The PARTITION statement specifies the probability (0.2) of randomly selecting a given observation in HMEQ
for validation; the remaining observations are used for training.
The CODE statement specifies a file named hpsplmhe-code.sas
, to which SAS DATA step code for scoring is saved.

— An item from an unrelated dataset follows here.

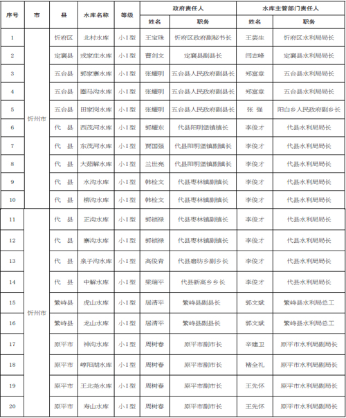 2016 年忻州市小型水庫大壩安全責(zé)任人
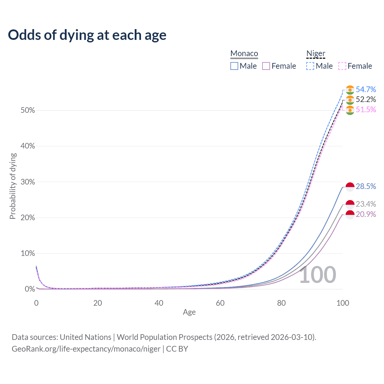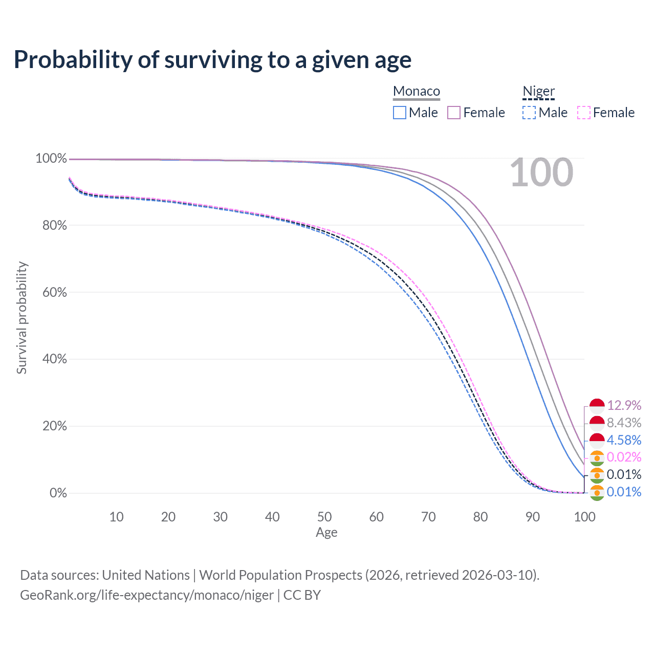 This life expectancy calculator shows the odds of living to 100, 95, 90, and below based on current age for both males and females in Monaco and Niger, along with mean and median age of death. The calculations are based on the 2026 life tables (actuarial tables) from the UN World Population Prospects.

The following statements score the data in HMEQ
and save the results in a SAS data set named SCORED
.
data scored; set sashelp.hmeq; %include 'hpsplhme-code.sas'; run;
A partial listing of SCORED
is shown in Figure 9.2.
Figure 9.2: Partial Listing of the Scored HMEQ Data
Obs | BAD | LOAN | MORTDUE | VALUE | REASON | JOB | YOJ | DEROG | DELINQ | CLAGE | NINQ | CLNO | DEBTINC | _NODE_ | _LEAF_ | _WARN_ | P_BAD1 | P_BAD0 | V_BAD1 | V_BAD0 |
---|---|---|---|---|---|---|---|---|---|---|---|---|---|---|---|---|---|---|---|---|
1 | 1 | 1100 | 25860 | 39025 | HomeImp | Other | 10.5 | 0 | 0 | 94.367 | 1 | 9 | . | 16 | 7 | 0.17391 | 0.82609 | 0.18808 | 0.81192 | |
2 | 1 | 1300 | 70053 | 68400 | HomeImp | Other | 7.0 | 0 | 2 | 121.833 | 0 | 14 | . | 13 | 6 | 0.29969 | 0.70031 | 0.32450 | 0.67550 | |
3 | 1 | 1500 | 13500 | 16700 | HomeImp | Other | 4.0 | 0 | 0 | 149.467 | 1 | 10 | . | 16 | 7 | 0.17391 | 0.82609 | 0.18808 | 0.81192 | |
4 | 1 | 1500 | . | . | . | . | . | . | . | . | . | 16 | 7 | 0.17391 | 0.82609 | 0.18808 | 0.81192 | |||
5 | 0 | 1700 | 97800 | 112000 | HomeImp | Office | 3.0 | 0 | 0 | 93.333 | 0 | 14 | . | 16 | 7 | 0.17391 | 0.82609 | 0.18808 | 0.81192 | |
6 | 1 | 1700 | 30548 | 40320 | HomeImp | Other | 9.0 | 0 | 0 | 101.466 | 1 | 8 | 37.1136 | 16 | 7 | 0.17391 | 0.82609 | 0.18808 | 0.81192 | |
7 | 1 | 1800 | 48649 | 57037 | HomeImp | Other | 5.0 | 3 | 2 | 77.100 | 1 | 17 | . | 6 | 2 | 0.93939 | 0.06061 | 0.87500 | 0.12500 | |
8 | 1 | 1800 | 28502 | 43034 | HomeImp | Other | 11.0 | 0 | 0 | 88.766 | 0 | 8 | 36.8849 | 16 | 7 | 0.17391 | 0.82609 | 0.18808 | 0.81192 | |
9 | 1 | 2000 | 32700 | 46740 | HomeImp | Other | 3.0 | 0 | 2 | 216.933 | 1 | 12 | . | 13 | 6 | 0.29969 | 0.70031 | 0.32450 | 0.67550 | |
10 | 1 | 2000 | . | 62250 | HomeImp | Sales | 16.0 | 0 | 0 | 115.800 | 0 | 13 | . | 16 | 7 | 0.17391 | 0.82609 | 0.18808 | 0.81192 |
The data set contains the original variables and new variables that are created by the score statements. The variable P_BAD1
is the proportion of training observations at this leaf that have BAD
=1, and this variable can be interpreted as the probability of default. The variable V_BAD1
is the proportion of validation observations at this leaf that have BAD
=1. The other new variables are described in the section Outputs
The preceding statements can be used to score new data by including the new data set in place of HMEQ
. The new data set must contain the same variables as the data that are used to build the tree model.